== Segment start ==
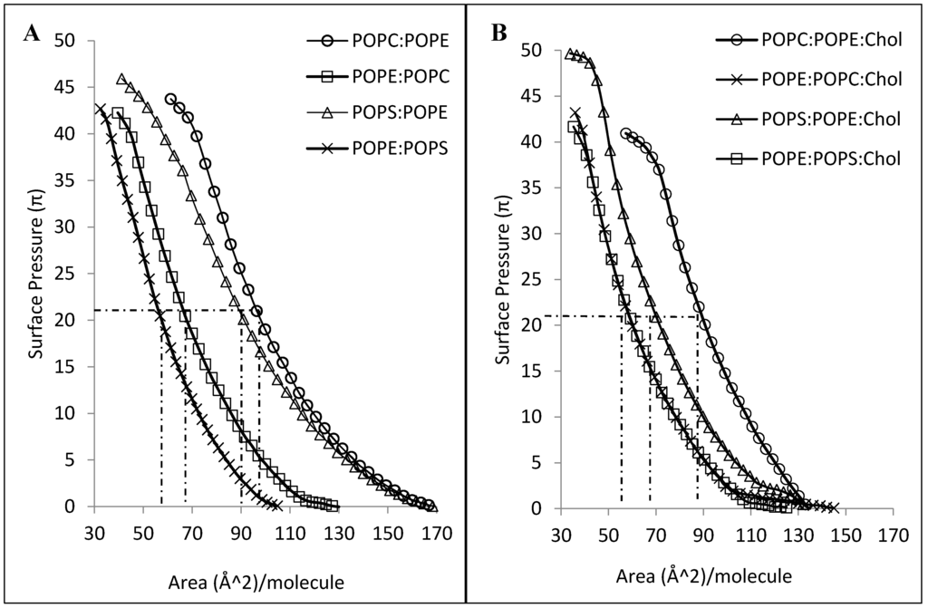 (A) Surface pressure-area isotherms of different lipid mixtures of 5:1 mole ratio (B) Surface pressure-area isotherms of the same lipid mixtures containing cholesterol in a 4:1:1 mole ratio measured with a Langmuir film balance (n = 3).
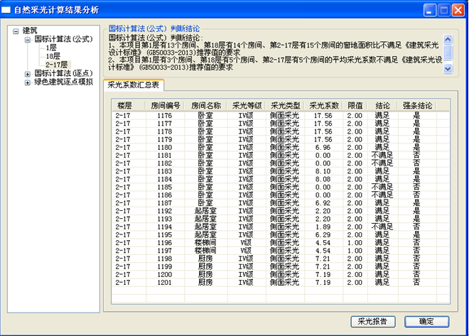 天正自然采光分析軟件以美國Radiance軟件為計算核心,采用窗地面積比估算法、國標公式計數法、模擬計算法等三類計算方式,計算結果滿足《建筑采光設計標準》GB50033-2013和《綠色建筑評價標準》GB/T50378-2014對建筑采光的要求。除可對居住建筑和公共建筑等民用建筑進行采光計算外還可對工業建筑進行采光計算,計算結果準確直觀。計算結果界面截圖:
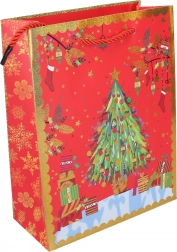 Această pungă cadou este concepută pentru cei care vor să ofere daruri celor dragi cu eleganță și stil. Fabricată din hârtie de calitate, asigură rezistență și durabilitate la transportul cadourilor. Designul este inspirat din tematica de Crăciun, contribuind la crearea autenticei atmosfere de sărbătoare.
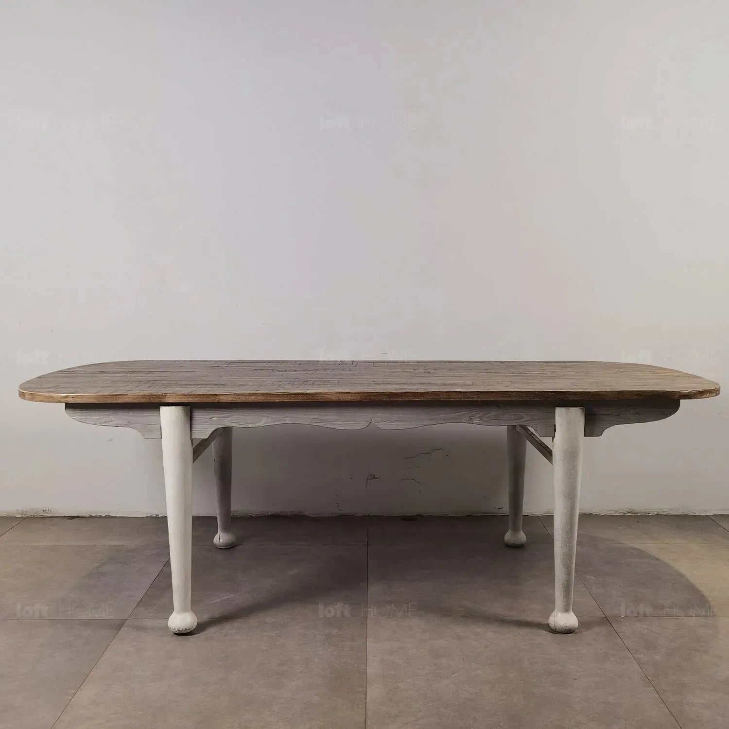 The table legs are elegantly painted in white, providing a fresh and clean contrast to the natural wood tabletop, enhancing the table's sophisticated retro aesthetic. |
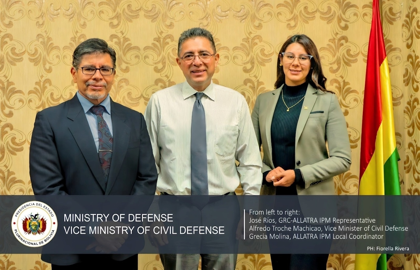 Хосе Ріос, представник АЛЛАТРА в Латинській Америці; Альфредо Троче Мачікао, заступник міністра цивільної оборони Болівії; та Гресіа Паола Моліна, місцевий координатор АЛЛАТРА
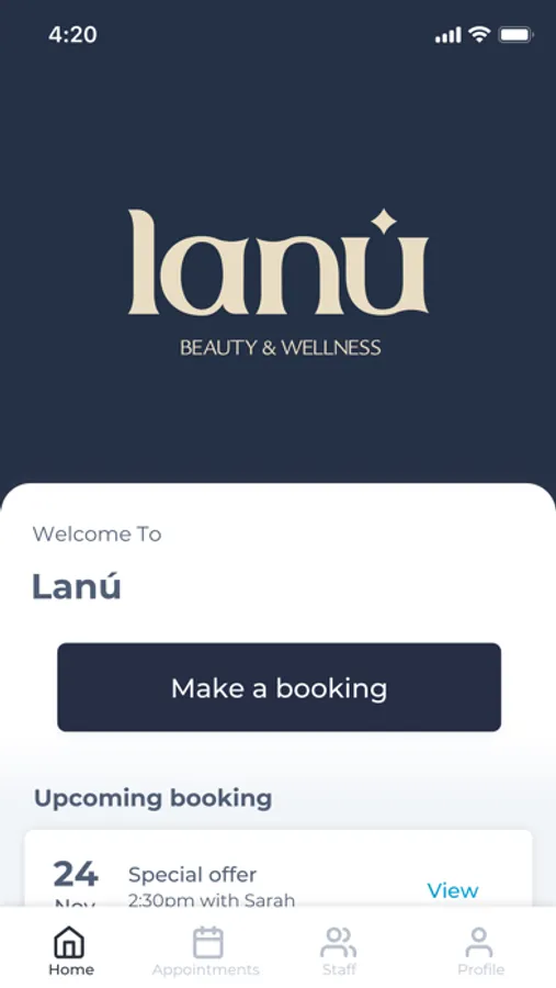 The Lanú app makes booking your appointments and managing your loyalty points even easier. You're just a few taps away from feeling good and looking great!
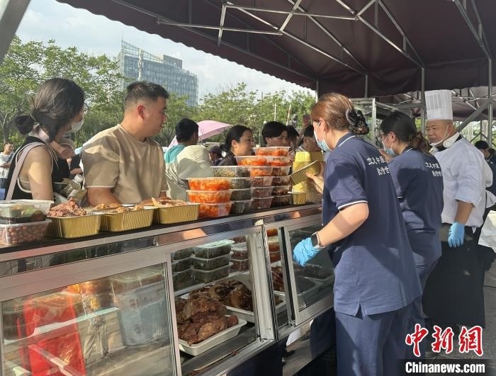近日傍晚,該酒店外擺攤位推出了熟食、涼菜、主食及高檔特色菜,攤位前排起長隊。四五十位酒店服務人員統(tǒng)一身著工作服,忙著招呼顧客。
== Segment end ==
◆ **Brief**:
Restate the data above verbatim, skipping every image.

◆ **Answer**:
 (A) Surface pressure-area isotherms of different lipid mixtures of 5:1 mole ratio (B) Surface pressure-area isotherms of the same lipid mixtures containing cholesterol in a 4:1:1 mole ratio measured with a Langmuir film balance (n = 3).
 天正自然采光分析軟件以美國Radiance軟件為計算核心,采用窗地面積比估算法、國標公式計數法、模擬計算法等三類計算方式,計算結果滿足《建筑采光設計標準》GB50033-2013和《綠色建筑評價標準》GB/T50378-2014對建筑采光的要求。除可對居住建筑和公共建筑等民用建筑進行采光計算外還可對工業建筑進行采光計算,計算結果準確直觀。計算結果界面截圖:
 Această pungă cadou este concepută pentru cei care vor să ofere daruri celor dragi cu eleganță și stil. Fabricată din hârtie de calitate, asigură rezistență și durabilitate la transportul cadourilor. Designul este inspirat din tematica de Crăciun, contribuind la crearea autenticei atmosfere de sărbătoare.
 The table legs are elegantly painted in white, providing a fresh and clean contrast to the natural wood tabletop, enhancing the table's sophisticated retro aesthetic. |
 Хосе Ріос, представник АЛЛАТРА в Латинській Америці; Альфредо Троче Мачікао, заступник міністра цивільної оборони Болівії; та Гресіа Паола Моліна, місцевий координатор АЛЛАТРА
 The Lanú app makes booking your appointments and managing your loyalty points even easier. You're just a few taps away from feeling good and looking great!
近日傍晚,該酒店外擺攤位推出了熟食、涼菜、主食及高檔特色菜,攤位前排起長隊。四五十位酒店服務人員統(tǒng)一身著工作服,忙著招呼顧客。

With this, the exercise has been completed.